再次pip install scrapy,又报错:
Collecting scrapy
Using cached https://files.pythonhosted.org/packages/db/9c/cb15b2dc6003a805afd21b9b396e0e965800765b51da72fe17cf340b9be2/Scrapy-1.5.0-py2.py3-none-any.whl
Collecting pyOpenSSL (from scrapy)
Using cached https://files.pythonhosted.org/packages/79/db/7c0cfe4aa8341a5fab4638952520d8db6ab85ff84505e12c00ea311c3516/pyOpenSSL-17.5.0-py2.py3-none-any.whl
Collecting queuelib (from scrapy)
Using cached https://files.pythonhosted.org/packages/4c/85/ae64e9145f39dd6d14f8af3fa809a270ef3729f3b90b3c0cf5aa242ab0d4/queuelib-1.5.0-py2.py3-none-any.whl
Collecting cssselect>=0.9 (from scrapy)
Using cached https://files.pythonhosted.org/packages/7b/44/25b7283e50585f0b4156960691d951b05d061abf4a714078393e51929b30/cssselect-1.0.3-py2.py3-none-any.whl
Collecting PyDispatcher>=2.0.5 (from scrapy)
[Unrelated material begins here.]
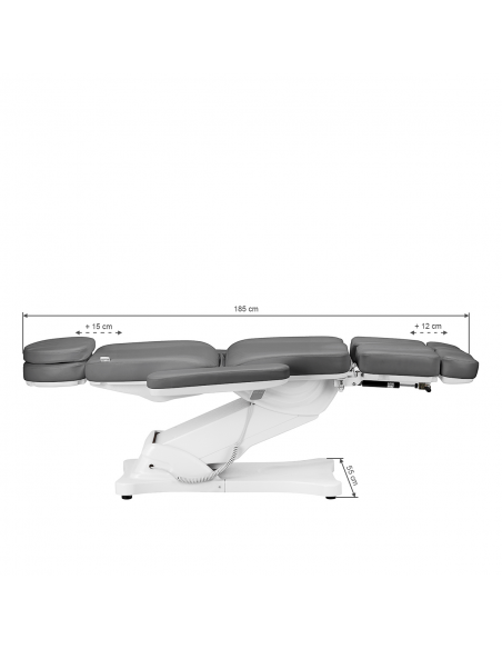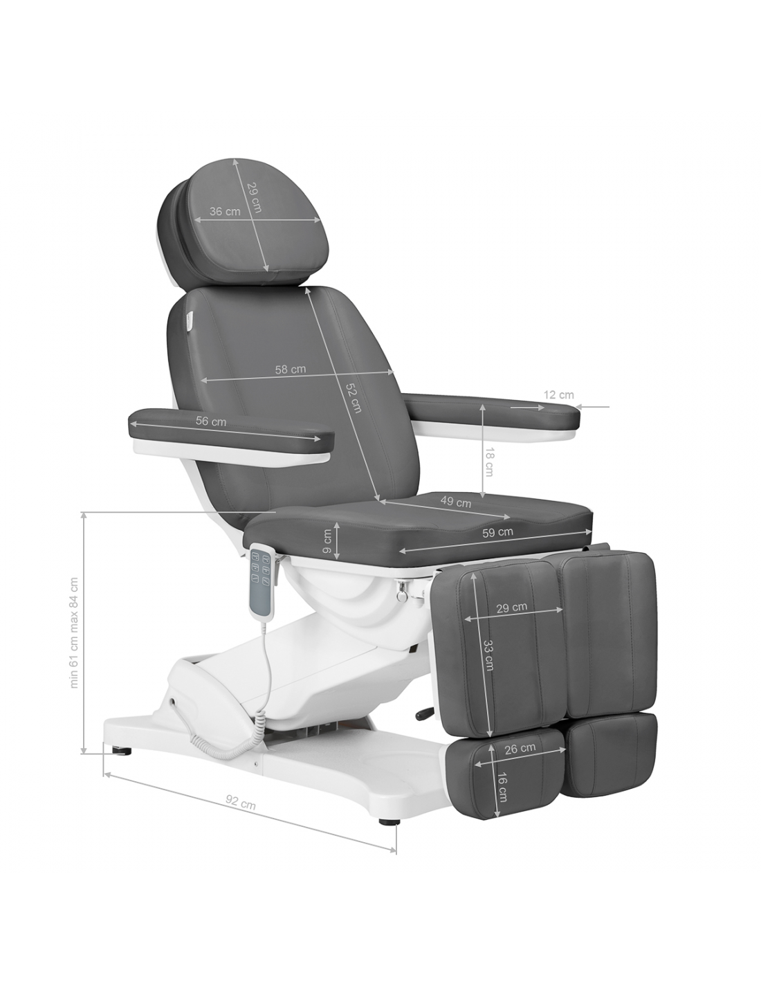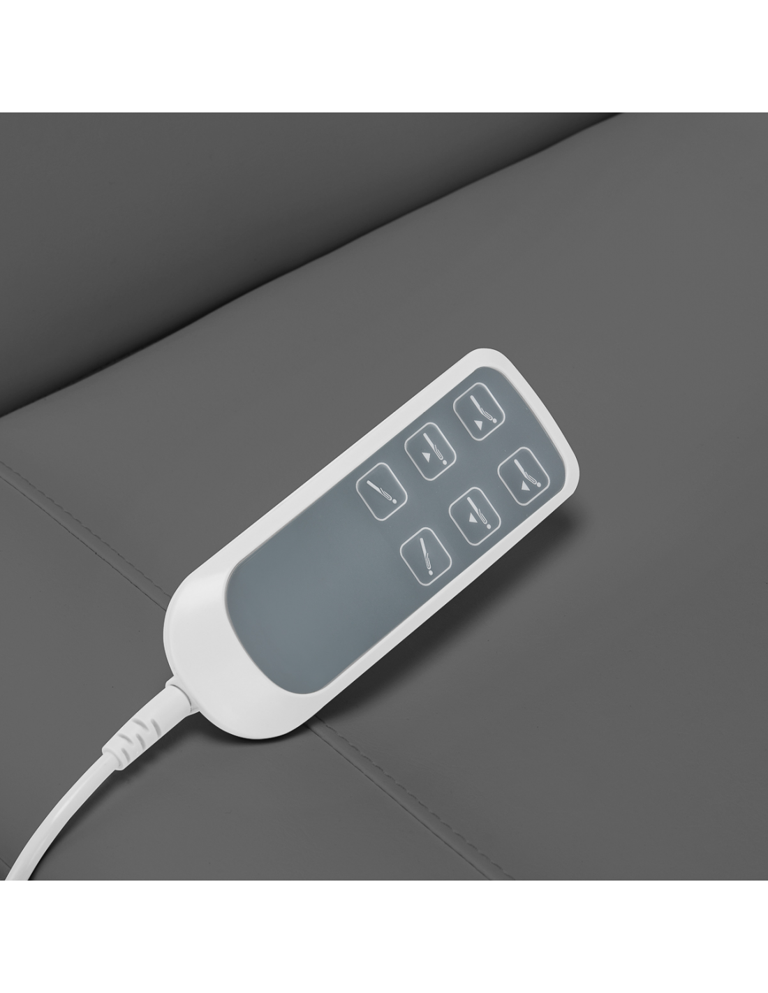 Przy użyciu prostego w obsłudze pilota fotel płynnie dostosowuje się w 3 płaszczyznach – posiada regulację wysokości, oparcia oraz nachylenia kołyski. Siedzisko można ustawić tak, by znajdowało się na wysokości od 61 cm do 84 cm, a przy całkowitym rozłożeniu fotel osiąga długość 2 m. Wymiary te pozwalają na łatwe korzystanie ze sprzętu osobom o różnym wzroście i umożliwiają dostosowanie go do aktualnie wykonywanego zabiegu oraz indywidualnych potrzeb, co wpływa zarówno na komfort użytkownika, jak i osoby wykonującej usługi. Uchwyty znajdujące się po obu stronach siedziska pozwalają na odwieszenie pilota tak, by znajdował się zawsze pod ręką.
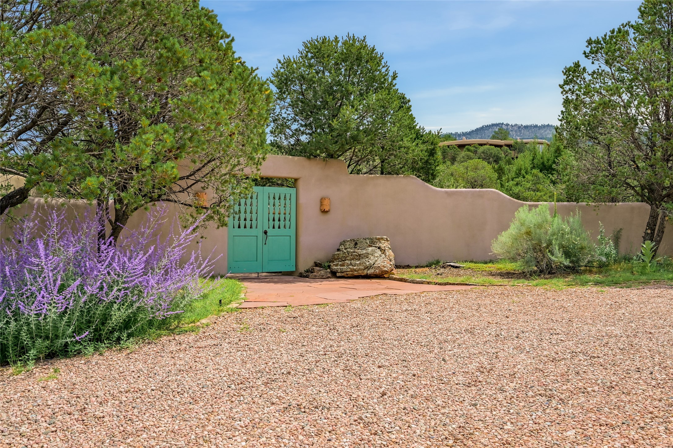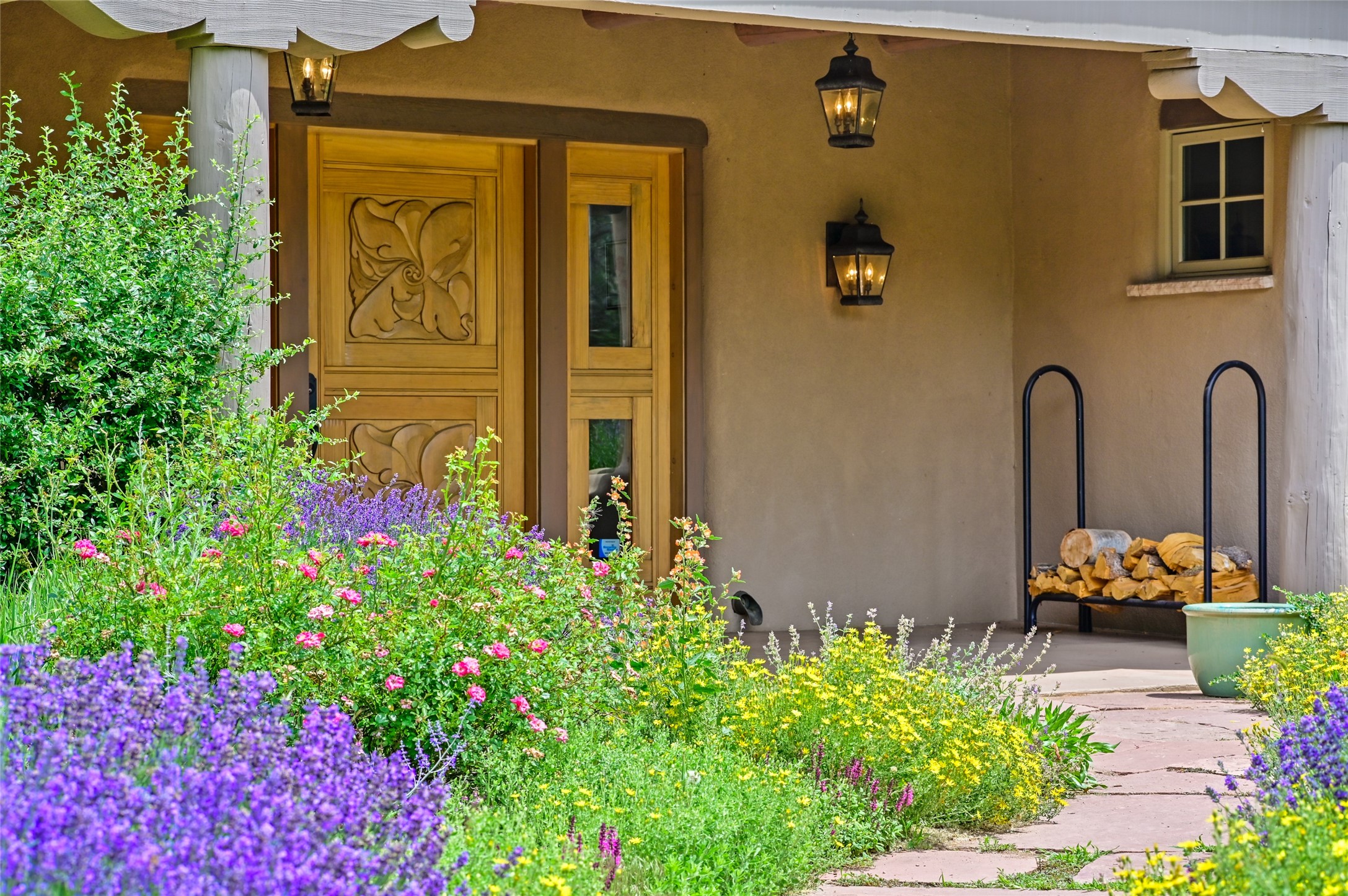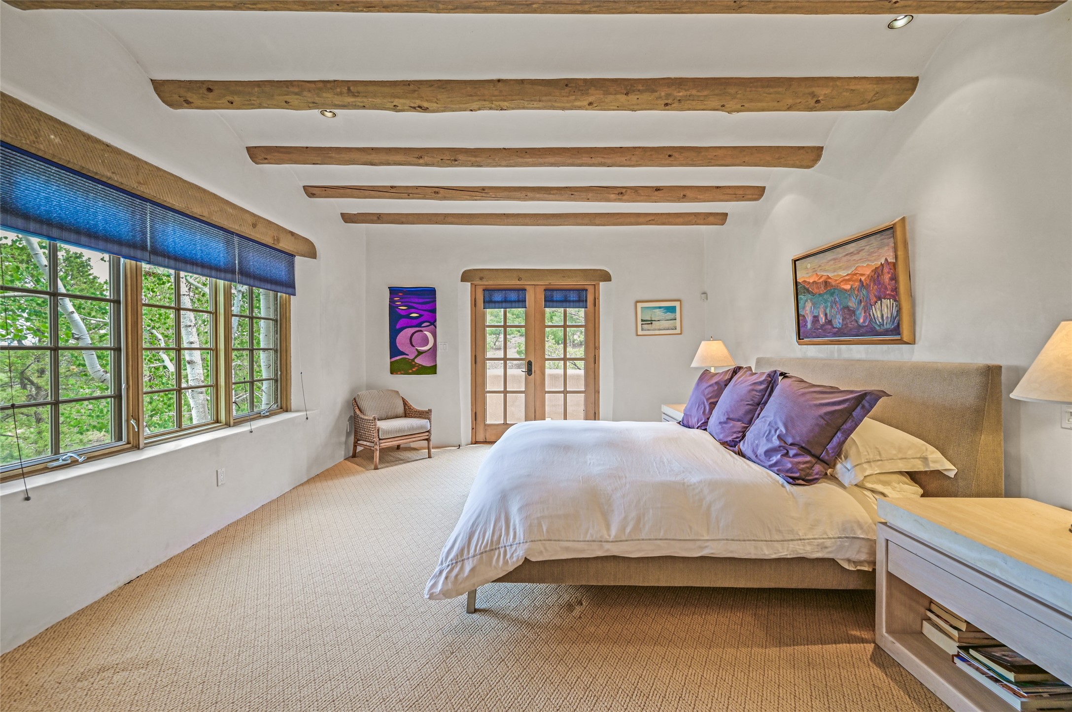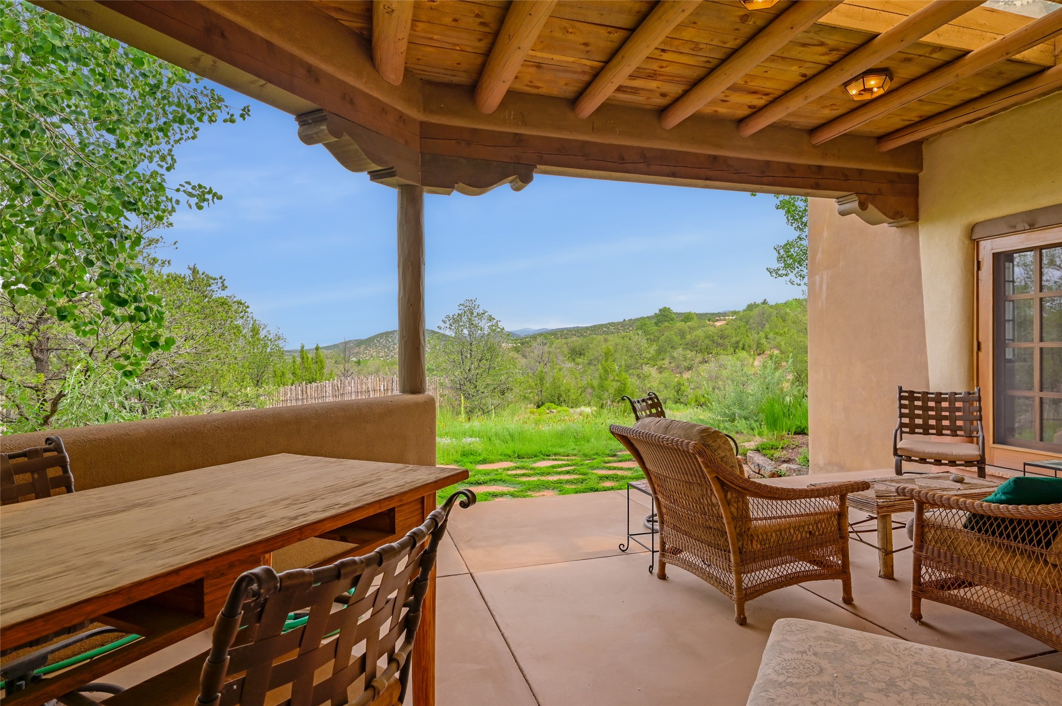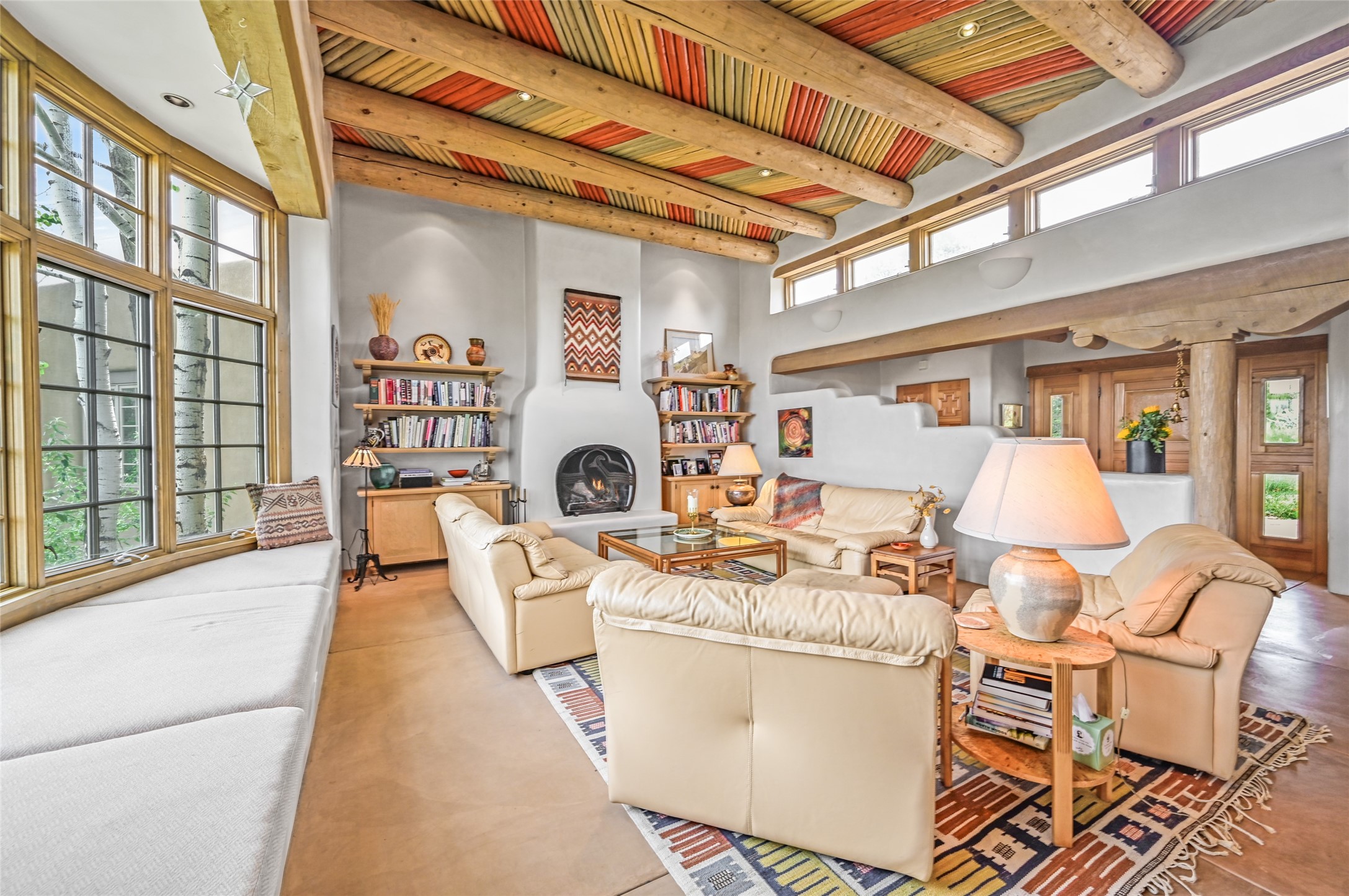 Nestled on a full acre in Santa Fe's sought-after Eastside, this beautifully maintained single-level adobe home--with a detached guest house--offers approximately 4,500 square feet of flexible living space, timeless design, and sweeping views. Built in 1995 by McDowell Builders with architect Lila DeWindt, the main residence features classic Santa Fe elements throughout: painted ceilings with vigas, kiva fireplaces, and a natural flow between indoor and outdoor living areas. The spacious primary suite is a true retreat, complete with a sitting area, private patio, and dual bathrooms for ultimate comfort and privacy.The heart of the home centers around a sunlit living room with northeast-facing mountain views, opening gracefully into a formal dining room that extends to the rear portal--perfect for entertaining or quiet evenings under the stars. The well-appointed kitchen and great room includes a cozy breakfast nook, kiva fireplace, TV viewing area, and abundant storage.A versatile office or flex room, a laundry room and a half bath for guests completes one area of the home, while a privately situated bedroom with full bath provides additional comfort and privacy for an additional family member or out-of-town guest.The detached guest house is ideal for visitors, work, or creative pursuits. It includes its own entrance, a welcoming entry portal, a private bedroom, full bathroom, kitchenette, and a richly appointed library or sitting room.This is a rare opportunity to own a spacious and flexible home in one of Santa Fe's most desirable neighborhoods--offering classic architecture, serene surroundings, and room to make it your own.

Using cached https://files.pythonhosted.org/packages/cd/37/39aca520918ce1935bea9c356bcbb7ed7e52ad4e31bff9b943dfc8e7115b/PyDispatcher-2.0.5.tar.gz
Collecting Twisted>=13.1.0 (from scrapy)
Using cached https://files.pythonhosted.org/packages/a2/37/298f9547606c45d75aa9792369302cc63aa4bbcf7b5f607560180dd099d2/Twisted-17.9.0.tar.bz2
Complete output from command python setup.py egg_info:
Download error on https://pypi.python.org/simple/incremental/: [SSL: TLSV1_ALERT_PROTOCOL_VERSION] tlsv1 alert protocol version (_ssl.c:661) -- Some packages may not be found!
Couldn't find index page for 'incremental' (maybe misspelled?)
Download error on https://pypi.python.org/simple/: [SSL: TLSV1_ALERT_PROTOCOL_VERSION] tlsv1 alert protocol version (_ssl.c:661) -- Some packages may not be found!
No local packages or working download links found for incremental>=16.10.1
Traceback (most recent call last):
File "", line 1, in
File "/private/var/folders/c_/gmvr6xh546bcm2xtfmpc0q640000gn/T/pip-install-inDShH/Twisted/setup.py", line 21, in
setuptools.setup(**_setup["getSetupArgs"]())
File "/Library/Frameworks/Python.framework/Versions/2.7/lib/python2.7/distutils/core.py", line 111, in setup
_setup_distribution = dist = klass(attrs)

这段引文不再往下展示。